Key words: Secreted phosphoprotein 1 (SSP1), Afatinib, Non-small cell lung cancer (NSCLC), Resistance
INTRODUCTION
Lung cancer is one of the leading causes of cancer-related deaths worldwide. Although a considerable proportion of patients treated with epidermal growth factor receptor (EGFR) tyrosine-kinase inhibitors (TKIs) initially achieve remarkable disease control, acquired resistance to EGFR-targeted therapies still represents unique and ongoing challenges in clinical practices1. Therefore, it will be essential to identify mechanisms of resistance to EGFR TKIs in lung cancer. The most common resistance mechanism to first-generation TKIs is caused by the T790M gatekeeper mutation, which is detectable in about half of the patients exposed to first-generation reversible TKIs.

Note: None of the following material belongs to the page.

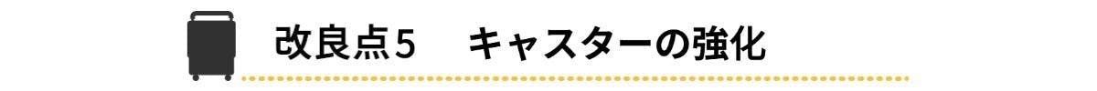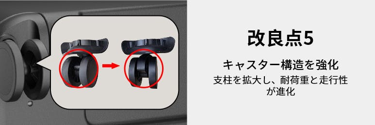 スーツケースの命とも言えるキャスター部分をアップグレードしました。ホイールの支柱(ブラケット)を大型化し、全体の高さも調整。これにより耐荷重性能が大幅にアップしました。重量のある荷物を入れた際も沈み込みにくく、より滑らかで静かな走行を実現しています。
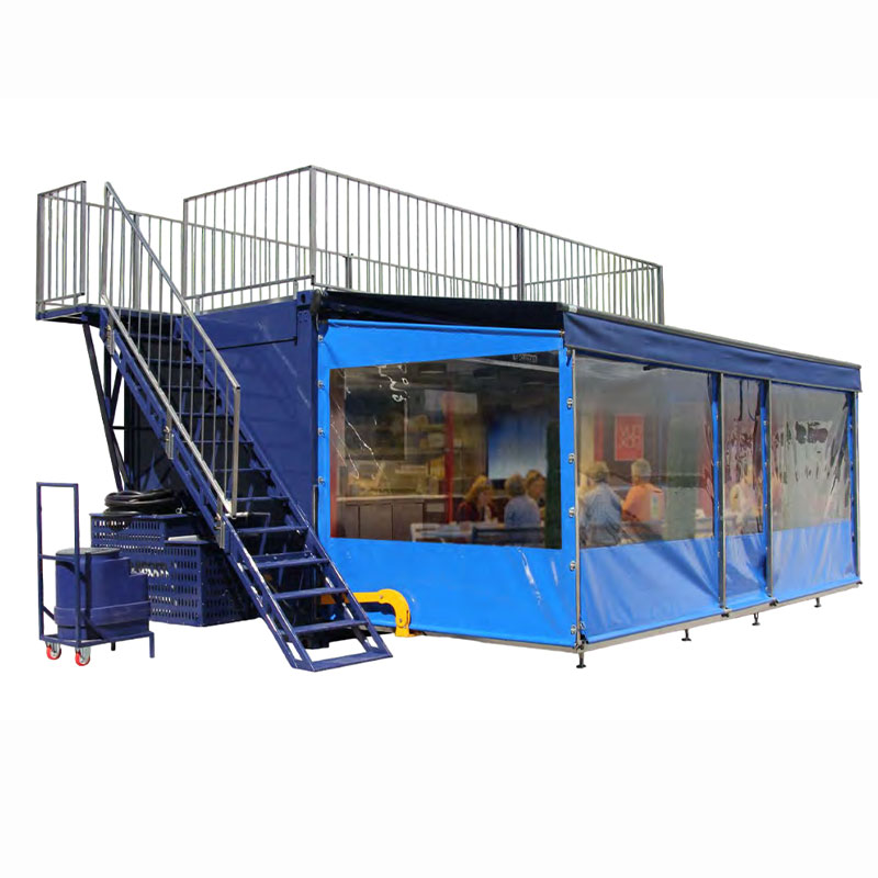 Idéal pour les festivals, marchés, événements et services de traiteur, le Container Restaurant avec Terrasse FOOD TAINER CONTAINER WITH PLATFORM vous permet de préparer et de servir des repas de qualité supérieure tout en offrant une expérience unique à vos clients.

Afatinib is the second-generation irreversible HER family inhibitor, and preclinical experience has demonstrated a potential role in overcoming acquired resistance, including T790M mutation2. However, Landi et al. demonstrated that afatinib was effective only in a small fraction of lung cancer patients with acquired resistance to EGFR TKIs3. Clinical trials also showed no benefit in terms of overall survival (OS) with afatinib in lung cancer patients compared with chemotherapy4. Fibroblast growth factor receptor 1 activation has been reported as a potential mechanism in human lung cancer cells resistant to afatinib5. However, the mechanisms involved in acquired resistance to afatinib are not fully understood and need to be further studied.
Secreted phosphoprotein 1 (SPP1), also known as osteopontin-like protein, is a secreted glycophosphoprotein. It has been found that SPP1 is abnormally expressed in a variety of cancer cells6,7. Overexpression of SPP1 is involved in aggressive phenotypes of lung cancer8. Moreover, the level of SPP1 was positively associated with human lung cancer TNM stage. All these data suggest that SPP1 plays a significant role in the development and progression of lung cancer. However, its role in modulating afatinib resistance is relatively unexplored.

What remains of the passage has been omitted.